DATA SEGMENT:
= Beginning of Section =

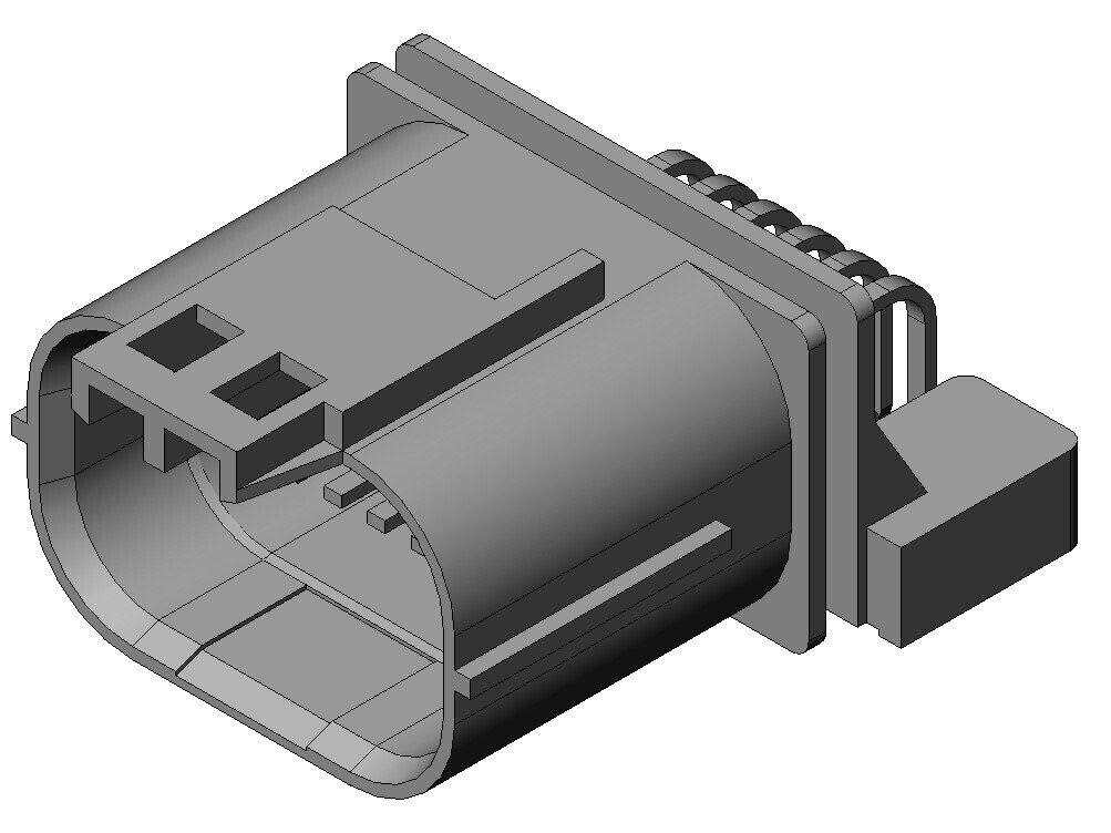 Compact automotive Connector, Low profil, Double fin structure, 040 contacts, waterproof, board-to-cable application, 12 pos., Right angle Pin header
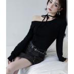 tシャツ アシンメトリーストラップオフショルダートップス レディース
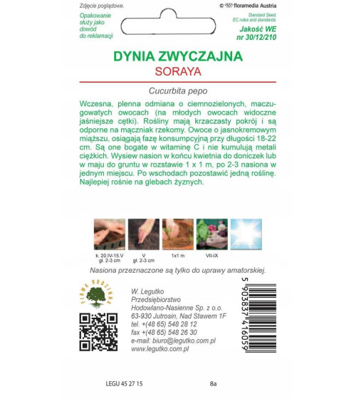 Rozstawa: w rozstawie 1x1 m, po 2-3 nasiona w jednym miejscu. Po wschodach pozostawić jedną roślinę
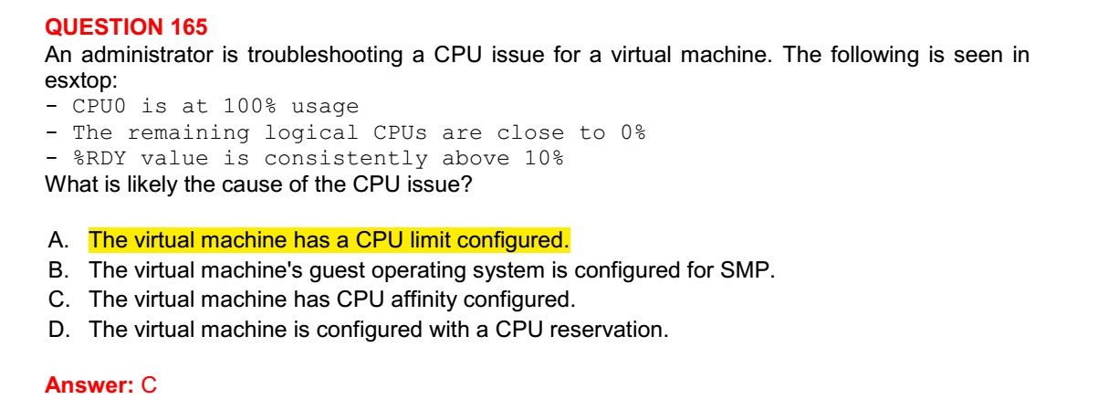 a VM-hez több vCPU lett rendelve, de a benne futó applikáció csupán egyetlen vCPU-t tud értelmesen kihasználni, azt 100%-ra pörgeti, a többi 0-n marad. A VM futását egy CPU limit korlátozhatja, amit a CPU0 ki is max-szol.'C'

= End of Section =

BRIEF: Print an exact copy of the lines above, from the one containing "tシャツ アシンメトリーストラップオフショルダートップス レディース" through the one containing "Rozstawa: w rozstawie", and leave out the pictures.

OUTPUT OF THE EXERCISE:
 tシャツ アシンメトリーストラップオフショルダートップス レディース
 Rozstawa: w rozstawie 1x1 m, po 2-3 nasiona w jednym miejscu. Po wschodach pozostawić jedną roślinę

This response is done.